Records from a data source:
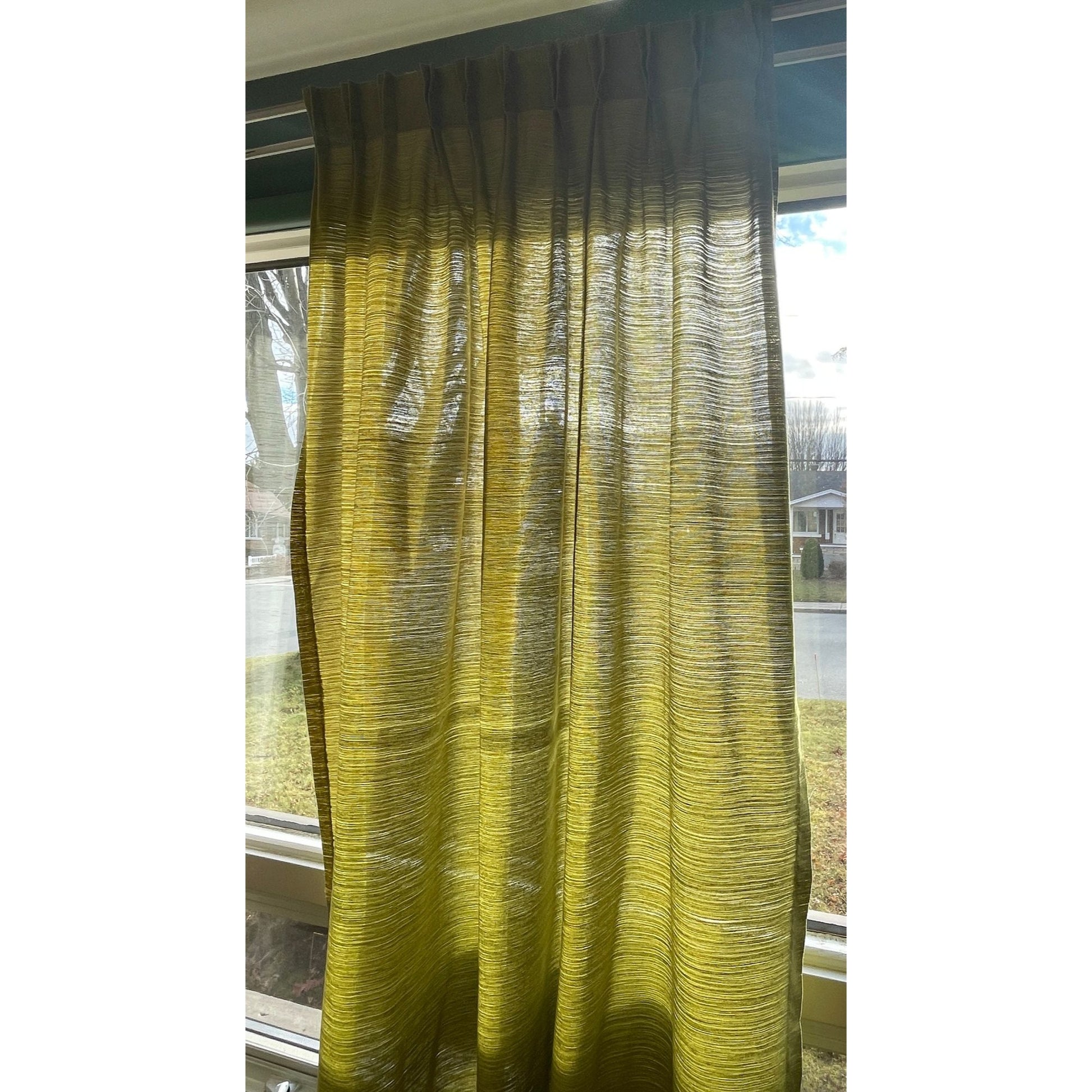 Can be hung using 3" pleating hooks as shown in pictures, not included. can also use single hooks or clips.
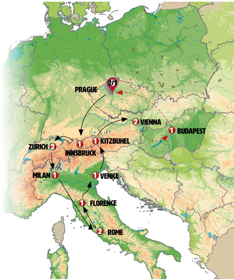 Note: If there are few travelers, we may take a train from Venice to Innsbruck.
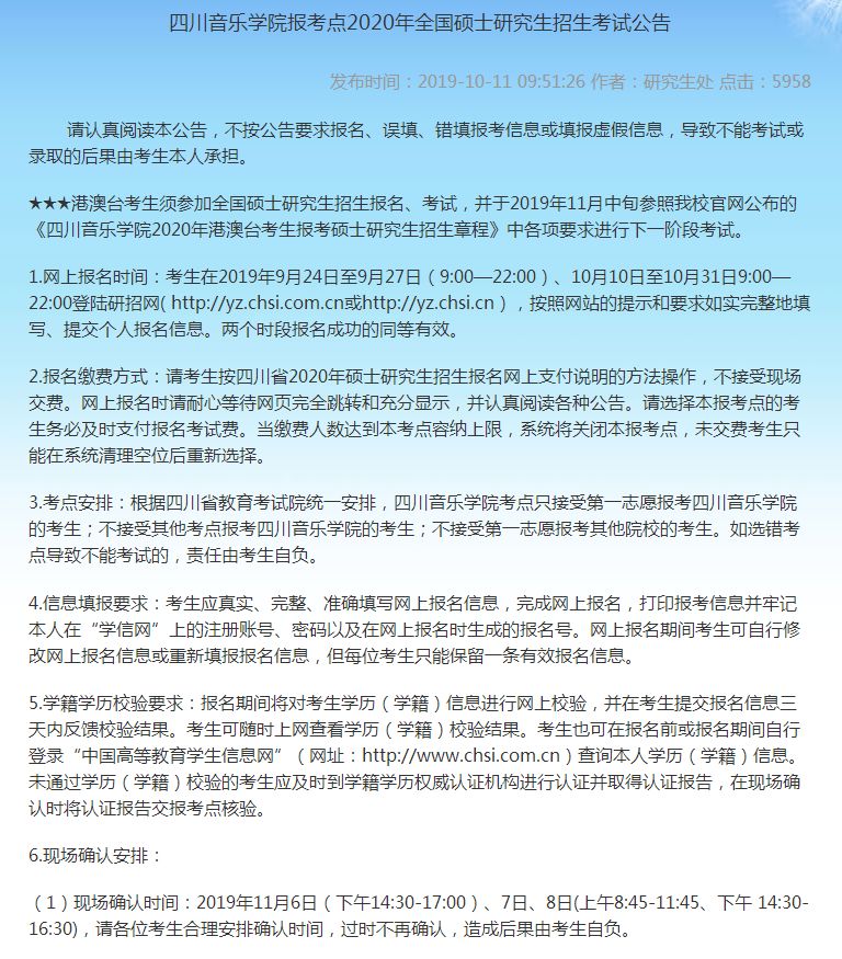 二、四川音乐学院报考点(2020年)全国硕士研究生招生考试公告
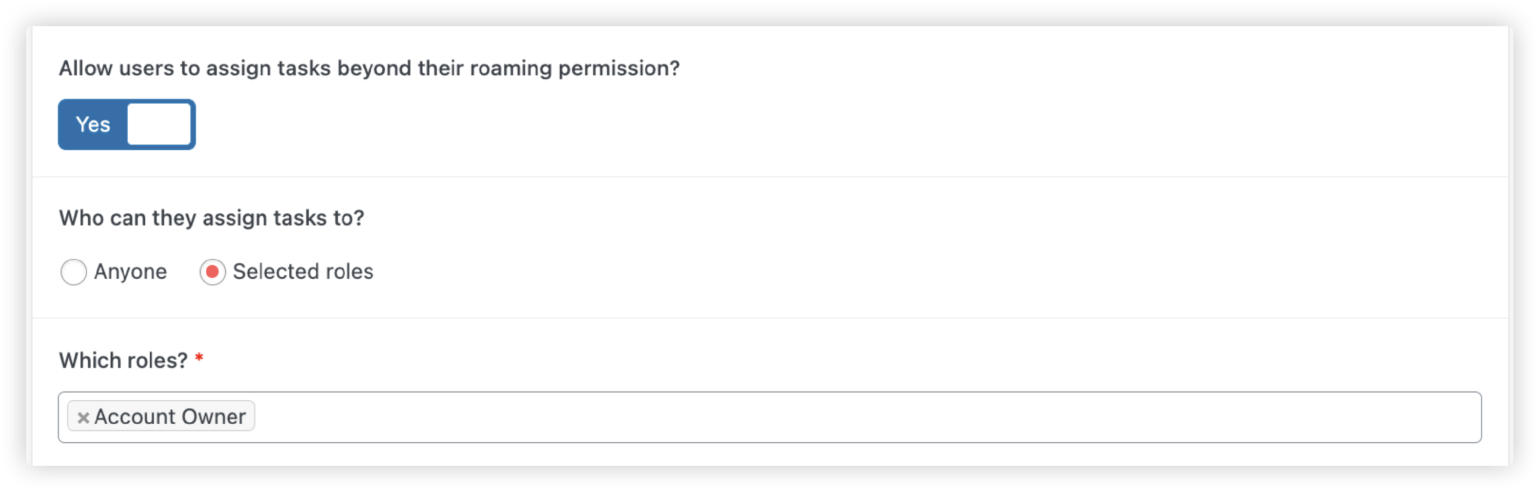 - Selected roles – allows users to assign tasks only to people with specific roles. Use the box below to enter which user roles can be assigned tasks.
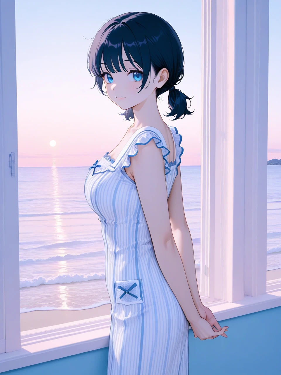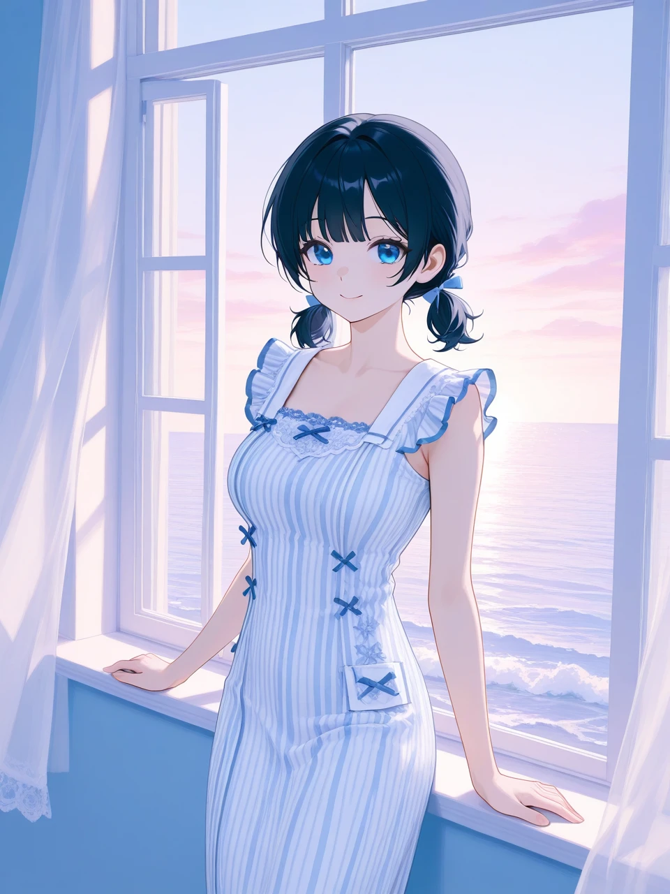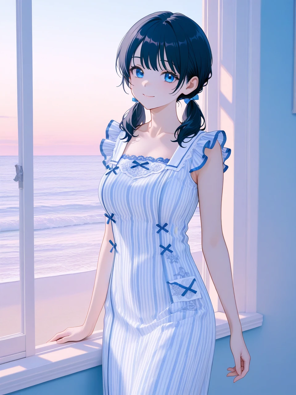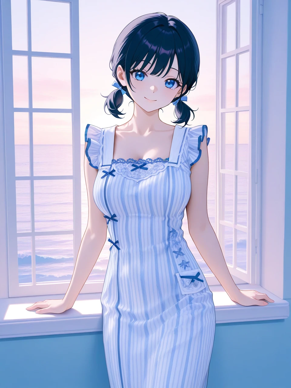 vertical-striped sleeveless pencil dress,white long dress,blue vertical strip,lace trim,blue bow,frills,neckless,
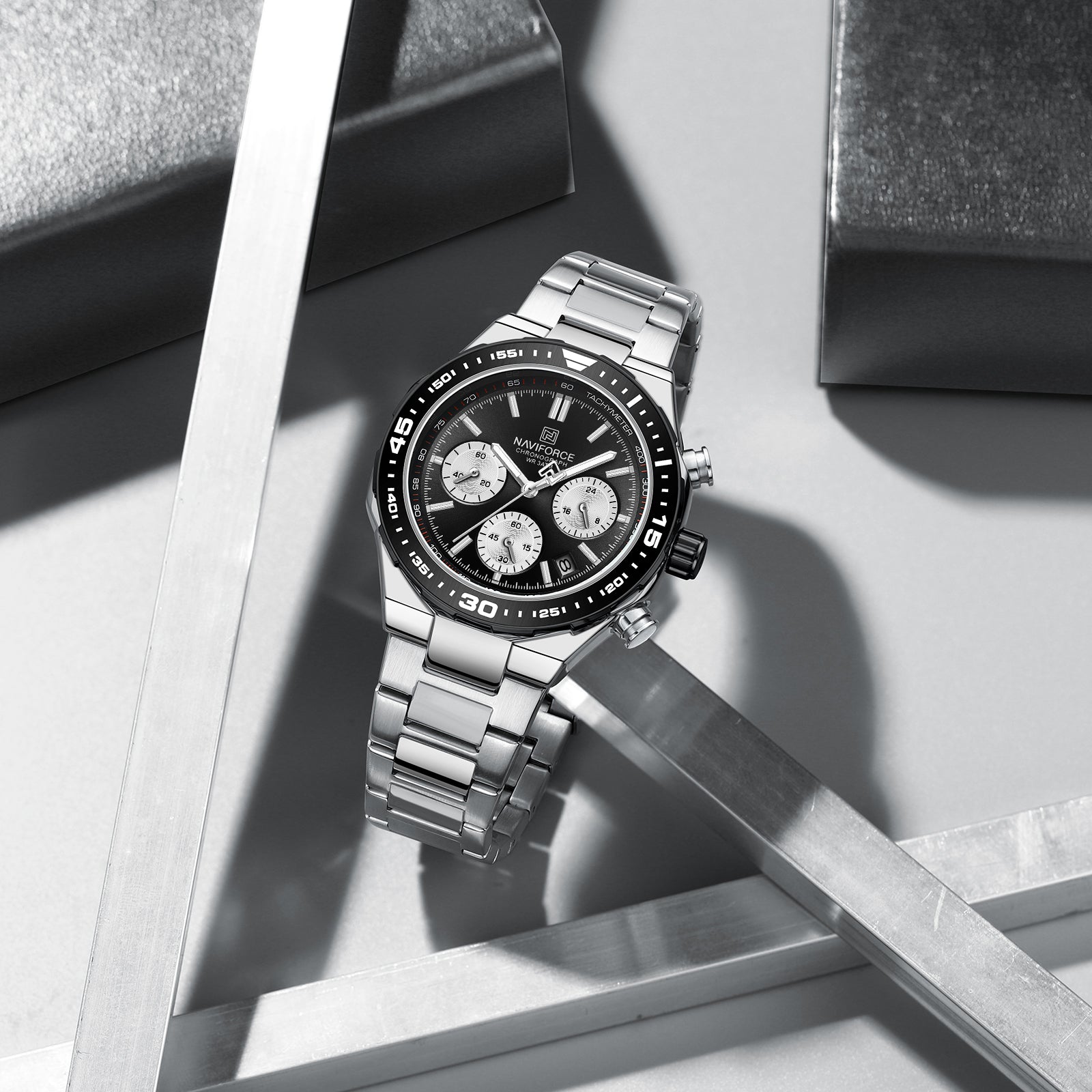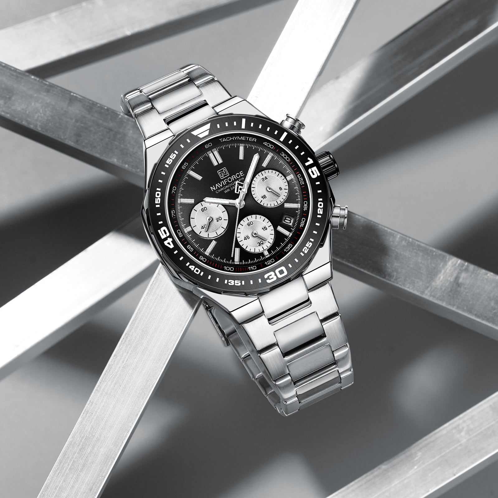 NAVIFORCE NF8049 Gilded Series: Men's Multi-Layered Dial Quartz Chronograph Watch – Waterproof, High-Visibility Lume & Chrome Finish
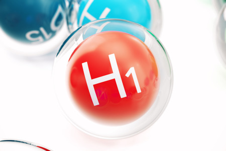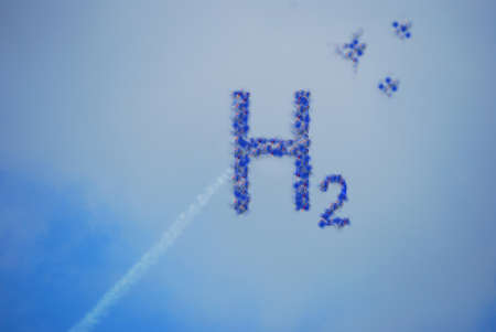 hydrogen h2 letters in a blue fluid with many circles from oil
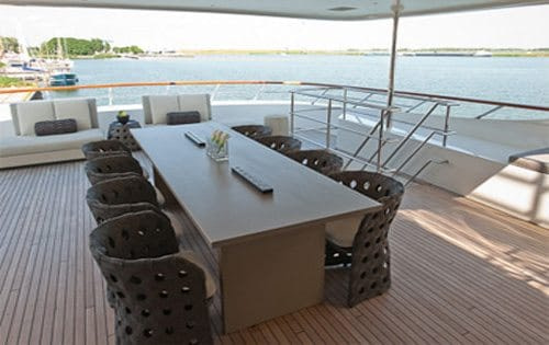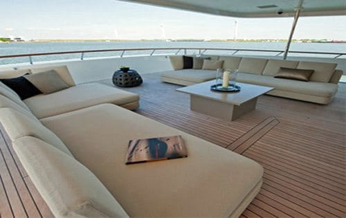 Exterior space is generous onboard the Latitude superyacht for charter. A sun-deck is fully equipped for entertaining, complete with removal DJ pedestal, jacuzzi, pool-side wet bar, sun-loungers, streamlined sun-shades and grill. For alfresco dining, the bridge deck and main aft deck offer large dining tables. For the more adventurous, make use of the extensive watertoy collection carried on this superyacht charter Cannes. Latitude is an approved RYA water sports centre. Latitude features an extended swim platform for relaxing after a long watertoy session.
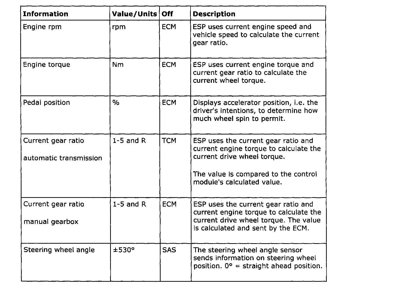 ESP uses the following information:

**Required action:** Your task is to set down exactly the lines that run from the line holding "Exterior space is" through the close of the entries, including both ends. Pictures stay out.

**Task solution:**
 Exterior space is generous onboard the Latitude superyacht for charter. A sun-deck is fully equipped for entertaining, complete with removal DJ pedestal, jacuzzi, pool-side wet bar, sun-loungers, streamlined sun-shades and grill. For alfresco dining, the bridge deck and main aft deck offer large dining tables. For the more adventurous, make use of the extensive watertoy collection carried on this superyacht charter Cannes. Latitude is an approved RYA water sports centre. Latitude features an extended swim platform for relaxing after a long watertoy session.
 ESP uses the following information:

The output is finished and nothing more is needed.